Nietzsche on Why the Abyss Looks Back 

The German word ‘Abgrund’, which is translated as ‘abyss’, literally means that which is without limit, end, or bottom; that whose limit, end, or bottom is non-existent, unavailable, or absent; that is to say, the limitless, the endless, and most importantly, the bottomless. 

One of the meanings of the German word ‘Grund’ is ‘ground’ as ‘reason’. In this regard, ‘Ab-grund’ means the absence, non-existence, or non-availability of reason, sense, legitimacy, or justification; that is to say, that which is without any sense or reason. In his critique of Kant, Nietzsche makes use of the phrase “the abyss of reason”: the absence of reason in thinking and philosophizing.   

In The Birth of Tragedy, Nietzsche talks about the “abyss of being” and the “abyss of things” in his attempts at showing the absence of any fixity in the Dionysian idea of the real. That is to say, being itself lacks stability and things, providing us with rootedness and security, are simply non-existent. 

In the thinking-philosophizing of Nietzsche, the abyss is where there is danger. Danger and the abyss are encountered and experienced together, for Nietzsche thinks the abyss in relation to the Sphinx, who killed herself after Oedipus thought and answered the riddle. 

By thinking the abyss and danger together, Nietzsche turns questioning and philosophy themselves into abysses into which one can throw oneself, losing oneself and one’s whole existence, by refusing and leaving behind any fixity concerning the tradition, morality, history, or metaphysics. 

In Thus Spoke Zarathustra, Nietzsche refers to the eternal recurrence as an “abyss-deep thought”. Also in Thus Spoke Zarathustra, the sense of danger is present and dominant. For into this “abyss-deep thought” one is to, or might, throw oneself, bringing destruction to oneself. 

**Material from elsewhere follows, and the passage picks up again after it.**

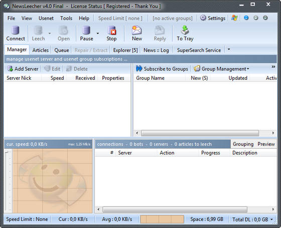 NewsLeecher - загрузчик файлов (видео, картинки, MP3 файлы и программы) из Usenet. Программа поддерживает уникальную систему загрузки, которая делает его одним из самых быстрых загрузчиков usenet, таких как NewsBin, GrabIt и XNEWS. NewsLeecher использует встроенные инструменты для соединения файлов из отдельный частей и их декодирования, что позволяет загружать из разных серверов usenet одновременно.

Here self-destruction is the real danger. Here thought itself turns into an abyss, endangering oneself, the one carrying out the dangerous thinking, into which one might lose oneself, one’s whole existence. Also in Thus Spoke Zarathustra, the death of God as a thought, hint, future, destiny, or path, turns into an abyss into which ideals and values are to be thrown and abandoned. 

In Beyond Good and Evil, Nietzsche talks about the abyss looking back when one looks into it in the sense that everything, that is, the entirety of our existence is dependent on how we think toward, respond to, and approach the abyss, that is to say, the danger, not only thinking and questioning, but our being itself, our ways of existing in the world, within a tradition and its truths, which are not true

The danger has always been there, calling upon us to approach it and to think into and through it. Darkness is clarity; the darkness of the abyss and the clarity of the danger. This is an accomplishment. In Thus Spoke Zarathustra, Nietzsche questions whether one should feel pride in being glimpsed and seen by the abyss and whether the abyss delivers one into the highest self that one can ever reach. 

That is to say, has one already reached the highest self simply by affirming the abyss and by being glimpsed by its bottomlessness? By looking back, the abyss is already confirming and acknowledging our questioning; it is waiting for us to reach a decision concerning existence. Looking back is a kind of waiting, a calling upon those who think, question, and refuse. The abyss is waiting, constantly looking back. Any response to this bottomlessness is philosophizing, thinking, that is to say, a way of existing.